Copy out precisely the lines from the start of the data through the line with "商品名称:得力 deli 螺旋装订笔记本", and keep pictures out of it.

§ Provided material
--- --- ---
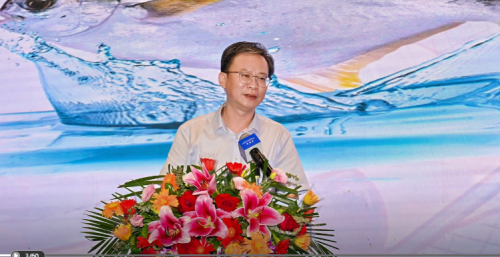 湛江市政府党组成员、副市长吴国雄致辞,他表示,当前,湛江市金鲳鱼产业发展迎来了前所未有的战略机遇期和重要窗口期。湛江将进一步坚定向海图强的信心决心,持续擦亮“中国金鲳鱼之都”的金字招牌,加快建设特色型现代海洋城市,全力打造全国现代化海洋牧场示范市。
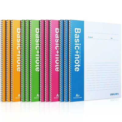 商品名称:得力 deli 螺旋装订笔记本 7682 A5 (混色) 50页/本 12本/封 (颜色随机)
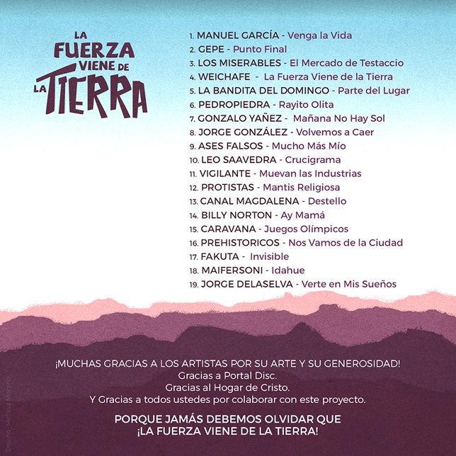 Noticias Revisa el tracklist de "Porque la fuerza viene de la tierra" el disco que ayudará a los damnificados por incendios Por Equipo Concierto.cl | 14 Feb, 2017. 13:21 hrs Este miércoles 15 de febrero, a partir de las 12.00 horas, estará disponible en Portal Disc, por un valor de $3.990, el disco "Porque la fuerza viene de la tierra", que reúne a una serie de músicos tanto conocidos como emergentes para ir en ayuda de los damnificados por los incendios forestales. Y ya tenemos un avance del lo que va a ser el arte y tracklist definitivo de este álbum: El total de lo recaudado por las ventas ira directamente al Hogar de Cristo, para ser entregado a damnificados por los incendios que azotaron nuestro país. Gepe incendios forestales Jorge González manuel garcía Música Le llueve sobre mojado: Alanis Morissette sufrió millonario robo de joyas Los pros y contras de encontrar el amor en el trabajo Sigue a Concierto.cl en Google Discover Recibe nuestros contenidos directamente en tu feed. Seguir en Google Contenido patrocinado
--- --- ---
§ Reply to the task
 湛江市政府党组成员、副市长吴国雄致辞,他表示,当前,湛江市金鲳鱼产业发展迎来了前所未有的战略机遇期和重要窗口期。湛江将进一步坚定向海图强的信心决心,持续擦亮“中国金鲳鱼之都”的金字招牌,加快建设特色型现代海洋城市,全力打造全国现代化海洋牧场示范市。
 商品名称:得力 deli 螺旋装订笔记本 7682 A5 (混色) 50页/本 12本/封 (颜色随机)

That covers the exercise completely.